### [AIM OF THE TASK]
Write out exactly, and only, the lines below from the line with "Dental prostheses on" through the line with "На данный час"; pictures do not belong in the copy.

START STORED DATA

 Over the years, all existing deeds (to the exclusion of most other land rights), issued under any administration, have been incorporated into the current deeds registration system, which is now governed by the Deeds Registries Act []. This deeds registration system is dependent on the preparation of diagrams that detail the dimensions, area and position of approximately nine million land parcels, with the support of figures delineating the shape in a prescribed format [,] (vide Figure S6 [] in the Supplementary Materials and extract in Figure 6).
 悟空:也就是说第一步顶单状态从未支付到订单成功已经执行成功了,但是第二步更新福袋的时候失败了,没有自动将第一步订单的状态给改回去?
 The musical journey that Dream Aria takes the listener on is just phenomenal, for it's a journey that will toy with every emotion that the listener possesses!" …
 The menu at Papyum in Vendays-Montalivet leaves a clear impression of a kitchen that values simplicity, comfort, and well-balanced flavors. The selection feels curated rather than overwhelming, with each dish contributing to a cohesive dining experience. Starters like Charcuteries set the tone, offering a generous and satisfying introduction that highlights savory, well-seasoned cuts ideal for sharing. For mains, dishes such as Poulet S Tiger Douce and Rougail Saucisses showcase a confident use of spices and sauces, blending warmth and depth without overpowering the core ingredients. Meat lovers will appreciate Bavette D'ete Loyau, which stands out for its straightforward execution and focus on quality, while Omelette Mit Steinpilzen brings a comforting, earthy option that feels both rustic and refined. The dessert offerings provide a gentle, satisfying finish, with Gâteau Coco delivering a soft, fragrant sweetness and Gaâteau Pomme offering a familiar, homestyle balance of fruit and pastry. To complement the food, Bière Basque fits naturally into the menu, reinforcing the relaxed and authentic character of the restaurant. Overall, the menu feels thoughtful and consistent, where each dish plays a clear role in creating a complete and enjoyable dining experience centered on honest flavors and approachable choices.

END STORED DATA
START STORED DATA

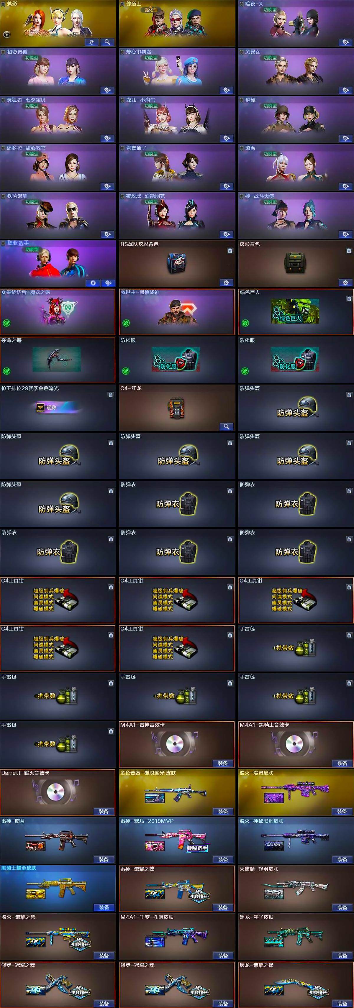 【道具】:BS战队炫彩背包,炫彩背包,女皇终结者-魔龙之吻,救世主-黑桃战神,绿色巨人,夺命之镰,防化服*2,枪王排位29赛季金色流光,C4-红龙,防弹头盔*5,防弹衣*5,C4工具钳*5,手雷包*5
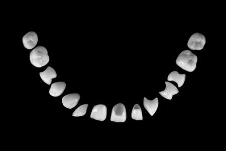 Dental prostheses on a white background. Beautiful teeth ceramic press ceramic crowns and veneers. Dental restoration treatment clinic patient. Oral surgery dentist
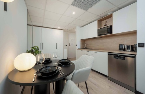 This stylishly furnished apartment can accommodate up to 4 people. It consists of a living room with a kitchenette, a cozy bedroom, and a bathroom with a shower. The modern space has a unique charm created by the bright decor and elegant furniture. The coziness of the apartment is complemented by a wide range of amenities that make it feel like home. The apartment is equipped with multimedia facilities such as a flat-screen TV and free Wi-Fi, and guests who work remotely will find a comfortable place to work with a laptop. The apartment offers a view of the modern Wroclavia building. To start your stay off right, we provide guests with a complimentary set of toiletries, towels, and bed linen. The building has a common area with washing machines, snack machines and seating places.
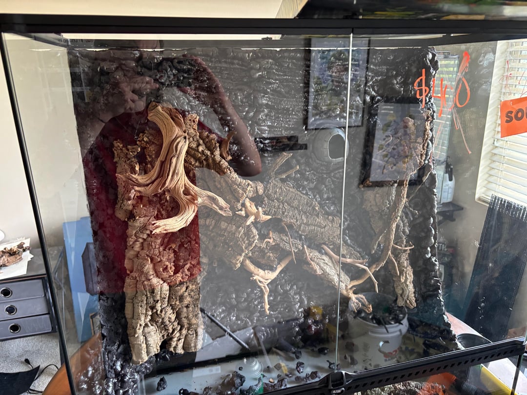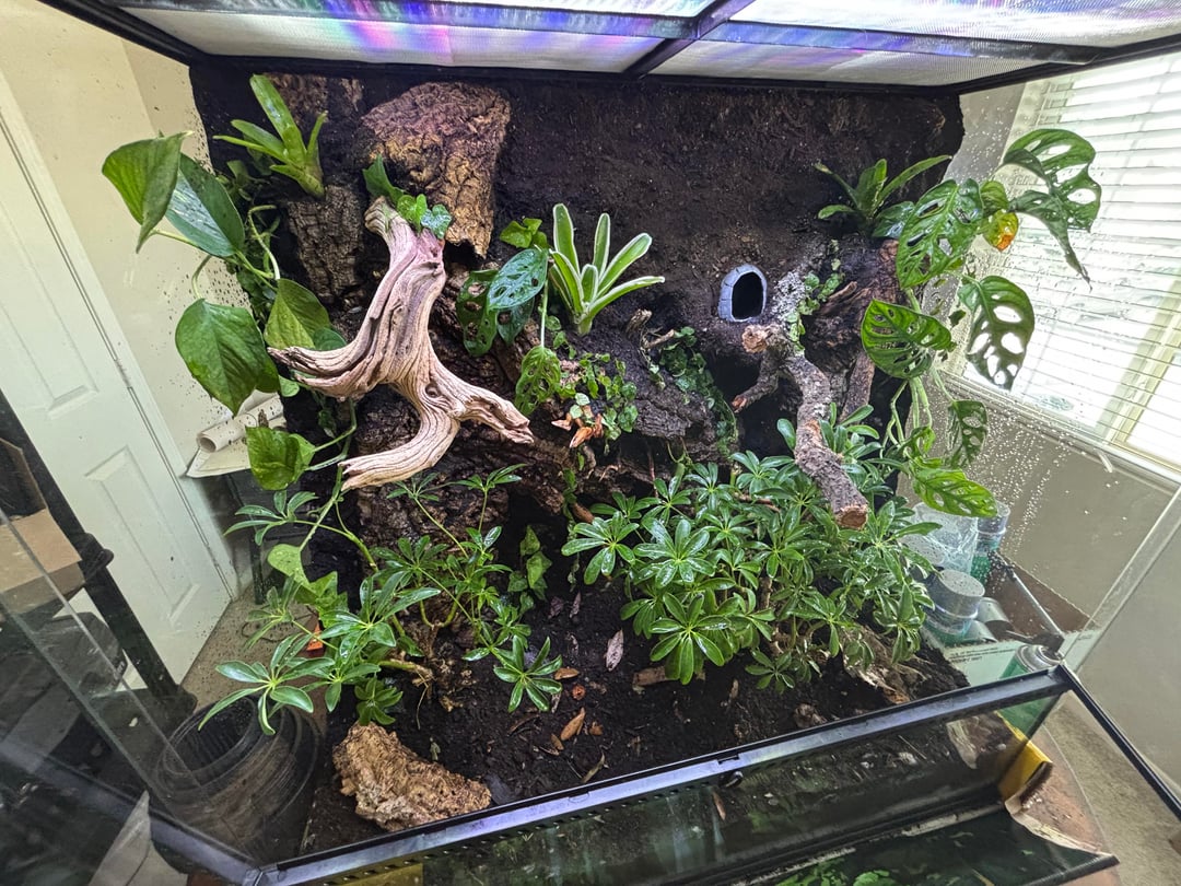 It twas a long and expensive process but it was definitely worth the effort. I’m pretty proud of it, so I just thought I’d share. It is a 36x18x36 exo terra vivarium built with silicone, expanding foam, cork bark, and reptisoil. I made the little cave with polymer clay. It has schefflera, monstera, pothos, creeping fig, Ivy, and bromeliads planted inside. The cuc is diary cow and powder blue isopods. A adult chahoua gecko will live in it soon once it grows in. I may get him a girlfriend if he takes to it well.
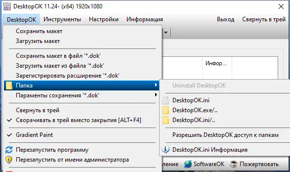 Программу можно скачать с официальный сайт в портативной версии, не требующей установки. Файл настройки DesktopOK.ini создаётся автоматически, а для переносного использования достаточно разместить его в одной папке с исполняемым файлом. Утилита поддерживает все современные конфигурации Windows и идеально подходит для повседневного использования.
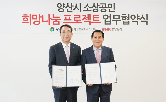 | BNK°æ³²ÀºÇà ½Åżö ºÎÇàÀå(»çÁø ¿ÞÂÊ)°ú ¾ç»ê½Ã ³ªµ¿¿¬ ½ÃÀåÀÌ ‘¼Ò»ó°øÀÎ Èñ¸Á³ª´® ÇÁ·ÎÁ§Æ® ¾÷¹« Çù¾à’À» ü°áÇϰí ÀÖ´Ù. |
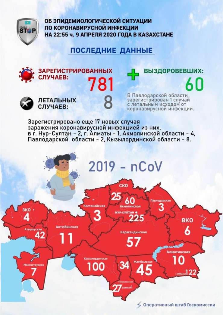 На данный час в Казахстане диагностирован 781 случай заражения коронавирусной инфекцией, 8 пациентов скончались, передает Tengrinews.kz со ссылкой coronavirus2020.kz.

END STORED DATA

### [EXERCISE RESPONSE]
 Dental prostheses on a white background. Beautiful teeth ceramic press ceramic crowns and veneers. Dental restoration treatment clinic patient. Oral surgery dentist
 This stylishly furnished apartment can accommodate up to 4 people. It consists of a living room with a kitchenette, a cozy bedroom, and a bathroom with a shower. The modern space has a unique charm created by the bright decor and elegant furniture. The coziness of the apartment is complemented by a wide range of amenities that make it feel like home. The apartment is equipped with multimedia facilities such as a flat-screen TV and free Wi-Fi, and guests who work remotely will find a comfortable place to work with a laptop. The apartment offers a view of the modern Wroclavia building. To start your stay off right, we provide guests with a complimentary set of toiletries, towels, and bed linen. The building has a common area with washing machines, snack machines and seating places.
 It twas a long and expensive process but it was definitely worth the effort. I’m pretty proud of it, so I just thought I’d share. It is a 36x18x36 exo terra vivarium built with silicone, expanding foam, cork bark, and reptisoil. I made the little cave with polymer clay. It has schefflera, monstera, pothos, creeping fig, Ivy, and bromeliads planted inside. The cuc is diary cow and powder blue isopods. A adult chahoua gecko will live in it soon once it grows in. I may get him a girlfriend if he takes to it well.
 Программу можно скачать с официальный сайт в портативной версии, не требующей установки. Файл настройки DesktopOK.ini создаётся автоматически, а для переносного использования достаточно разместить его в одной папке с исполняемым файлом. Утилита поддерживает все современные конфигурации Windows и идеально подходит для повседневного использования.
 | BNK°æ³²ÀºÇà ½Åżö ºÎÇàÀå(»çÁø ¿ÞÂÊ)°ú ¾ç»ê½Ã ³ªµ¿¿¬ ½ÃÀåÀÌ ‘¼Ò»ó°øÀÎ Èñ¸Á³ª´® ÇÁ·ÎÁ§Æ® ¾÷¹« Çù¾à’À» ü°áÇϰí ÀÖ´Ù. |
 На данный час в Казахстане диагностирован 781 случай заражения коронавирусной инфекцией, 8 пациентов скончались, передает Tengrinews.kz со ссылкой coronavirus2020.kz.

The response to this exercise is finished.